Was aus dem Schwarzen Loch geworden ist

FESTSPIELE / BERLINER PHILHARMONIKER / RATTLE (1)

28/08/17 Es hat – quasi im Nachhinein – gut in den Grisey-Schwerpunkt der diesjährigen Festspiele gepasst, das „kleine symphonische Gedicht – für Wolfgang“ von Georg Friedrich Haas. Der kommt ja auch schon lange nicht aus mit den zwölf Tönen, die unser konventionelles Tonleitersystem bereit hält.

Von Reinhard Kriechbaum

Das Stück, das auf acht Minuten kammermusikalisch durchhörbaren, aber üppigen Klangfarbenreichtum bereit hält, ist vor wenigen Tagen in Berlin uraufgeführt worden. Die Auftragskomposition der Berliner Philharmoniker war also logischerweise am Sonntag Abend (27.8.) im Großen Festspielhaus das erste Mal in Österreich zu hören.

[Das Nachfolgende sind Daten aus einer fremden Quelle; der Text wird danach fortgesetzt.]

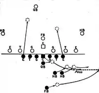 The formation is similar to the single wing and modern shotgun by including the possibility of a long snap from center. However, it is generally a balanced formation, and there are backs on both sides of the tailback, offering better pass protection. As a result, it was considered a much better passing formation than running, as the premiere running formation was the single wing.[5] That said, it was regarded as a good formation for trap plays.[6]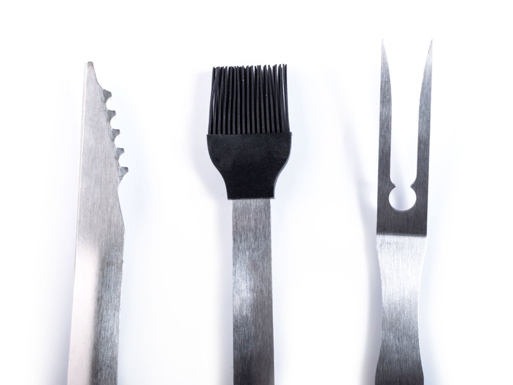 Nerezové grilovací nářadí G21 se 3 kusy v sadě obsahuje marinovací štětec, grilovací vidličku a grilovací kleště. Délka nářadí je 41 a 45 cm.

Ein wie in hoher emotionaler Anwandlung hingeworfen wirkendes Stück, das auf kleinem Raum einiges an instrumentationstechnischen Finessen aufblättert. Wie massige Bläserschichtungen sich irgendwie an den Rändern auflösen, in der Fläche genau so wie entlang der Umrisslinien Kontur und Differenziertheit gewinnen, das hat stark bildliche Imaginationskraft. Es ist auch nicht wenig raffiniert, wie der Orchesterklang mehrmals zwischen Bläser- und Streicherdominanz hin und her pendelt. Der reiche Kosmos an mikrotonalen Effekten tut sein übriges - „ein kleines symphonisches Gedicht – für Wolfgang“ ist anregend und wirkt alles andere als „klein“.

Im Programmheft-Interview verneint der Komponist dezidiert jeden zusammenhang seiner Komposition mit Haydns „Schöpfung“, der es an dem Abend voraus ging. So wie Sir Simon Rattle die Berliner Philharmoniker das „Chaos“ vor dem Eingriff des Schöpfers auffächern lässt, wie er vor allem die harmonisch falsche Fährten legenden Bläser-Irrlichter herauszeichnet: Das ließ im Nachhinein die Paarung mit dem Haas-Stück gar nicht so daneben erscheinen.

„Die Schöpfung“ hat Rattle schon 2008 bei den Osterfestspielen hören lassen. Seine Ur-Lust, sich Haydns pikanten Einfällen auf die Spur zu machen, ist seither nicht kleiner geworden, auch nicht die Deutlichkeit, mit der das Orchester Rattles illustrativen Zugang umsetzt. Haydns Ideenreichtum quasi in Breitwand.

Florian Boesch als Raphael ist unter den erzählenden Erzengeln ohne Zweifel der Chef: „Finsternis auf der Fläche der Tiefe“ – ein Schwarzes Loch ist nichts dagegen. Das Understatement, mit dem er nach dem sechsten Schöpfungstag konstatiert „und es war sehr gut“, hat aufmerksamere Zuhörer zum spontanen Auflachen gebracht. Aber auch nicht zu verachten, wie Florian Boesch sich im dritten Teil (dem komponierten Schrecken aller Feministinnen) als Adam an Eva wendet: „Komm“, singt er mit spontanem Macho-Gehabe, um sich flugs zu besinnen auf Schmeichelei: „Folge mir“. Da wird jede Eva weich und ihr „Dein Will' ist mir Gesetz, so hat's der Herr bestimmt“ ist etwas leichter zu ertragen...

Als Einspringerin für Genia Kühmeier war die junge Sopranistin Elsa Deisig diese Eva, in diesem Abschnitt lyrisch mit perfekter Legato-Geschmeidigkeit. Zuvor als Gabriel hat sie mit pikanten Verzierungen aufhorchen lassen. Dritter im Bunde eines Solistenensembles, das ob seiner besonderen rhetorischen Fähigkeiten im Gedächtnis bleibt, war der Tenor Mark Padmore. Seine Warnung als Uriel „...wenn falscher Wahn euch nicht verführt“ hat einen sinnieren lassen, ob man es da einen Dogmatiker oder einen Satiriker zu tun hat. Genau so soll es sein.